Reviewed by Josh Black
The End in All Beginnings is billed by the publisher as “a disturbing trip through the ages in five novellas exploring the painful horrors of life, love and loss”. This is certainly an apt description, and readers who are into that aspect of the horror genre may well find this to be an essential read . Unique in their plots and subgenres, all of the stories here stand on their own and are excellent in their own right. Common themes and a prevailing heavy-hearted atmosphere, however, make the whole something much more than the sum of its parts.
“What Becomes God” begins the collection on a fittingly somber note, its evocation of the intangible realm of childhood colored darkly with the shadow of impending death. It relates the strange events of the final summer two young friends will ever share, and the desperation of their respective struggles to thwart the inevitable. The prose here seems at first to be on the florid side, but this quickly becomes a benefit rather than a hindrance. Taff’s words dance, moving together to paint a living, breathing world of beauty and despair. The direction the story eventually takes is unexpected, but isn’t a cheat – it gives closure in a poetic sort of way, bringing a corporeality to mirror the already heavy thoughts and feelings that have built up in the characters’ minds over the course of the story.
While “What Becomes God” cast a darkened light on the days of summer, the next offering, “Object Permanence”, is markedly autumnal. The story takes place in November, and centers around memory in both its clearest form and its gradual decay. Here Taff explores some intriguing questions: What if the fading of memory wasn’t so gradual?

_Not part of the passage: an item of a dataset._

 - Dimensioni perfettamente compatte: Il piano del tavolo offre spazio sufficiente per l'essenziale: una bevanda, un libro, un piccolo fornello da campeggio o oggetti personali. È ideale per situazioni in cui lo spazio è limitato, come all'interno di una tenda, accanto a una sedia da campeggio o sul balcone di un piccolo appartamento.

What if memory could be controlled, and what if someone, in controlling it, could effectively ensnare the people around them in a particular place and time? Without death, can we really consider ourselves alive? As the story develops and its well-plotted layers of mystery begin to unravel, the answers to these questions are progressively more heart-rending.
“Love in the Time of Zombies” continues tapping the heart-rending vein with its focus on one person’s love for another (relatively speaking), and the insurmountable distance that ensures that love remains unrequited. It’s a very (almost painfully) inward-focused story with a small cast of characters. Like all the best zombie fiction, it’s concerned more about the characters’ reactions to their changed lives than the zombies themselves – at least zombies the way we’ve typically come to view them. The ending, foreseeable as it may be, packs an emotional sucker-punch, and the journey there is equal parts melancholic and cringe-inducing.

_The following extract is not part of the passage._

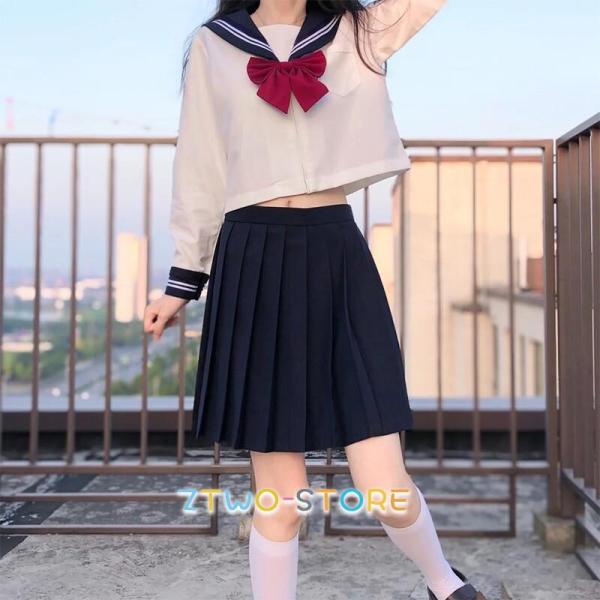女子高生 制服 セーラー服 女子高校生 学生服 長袖 セットアップ 上下セット JK制服 文化祭 学園祭 可愛い 蝶ネクタイ付き ハロウィン イベント

“The Long, Long Breakdown” is another post-apocalyptic yarn, set in a near-future world in which the ice caps have melted and much of the world is underwater. This elemental story centers around a widower and his daughter living in a partly submerged high-rise, as satisfied with their lot as they can be, until they spot something across the waves that changes everything. The vivid setting is a character in itself with its storm-riled waters and the skeletal ruins reaching up from them. It’s a fine survival story, made greater by the themes it deals with – the persistence of loss and how it shapes us, and the powerful will of a parent guarding their child from harm.
“Visitation” maintains the theme of loss and opens it up beyond the terrestrial plane into the far reaches of space. This soft sci-fi tale takes the idea of a haunted house and reimagines it as a haunted planet – a place where people lucky enough to win an intergalactic lottery can confront their dead and find some closure. Naturally not all is as it seems. The story explores various beliefs regarding life after death, what it means to be human (and what it means to be a ghost), and various types of faith.
The author’s notes at the end of the book are illuminating, and the cover art and the black and white tarot card illustrations preceding each novella complement Taff’s subdued take on speculative fiction. Taken as a whole, The End in All Beginnings is a quiet tour de force, a near pitch-perfect offering of the kind of emotionally charged, idea-based horror that seems to have fallen out of favor lately. It’s a brilliant collection of dark fiction from a voice that has a lot to offer. Highly recommended.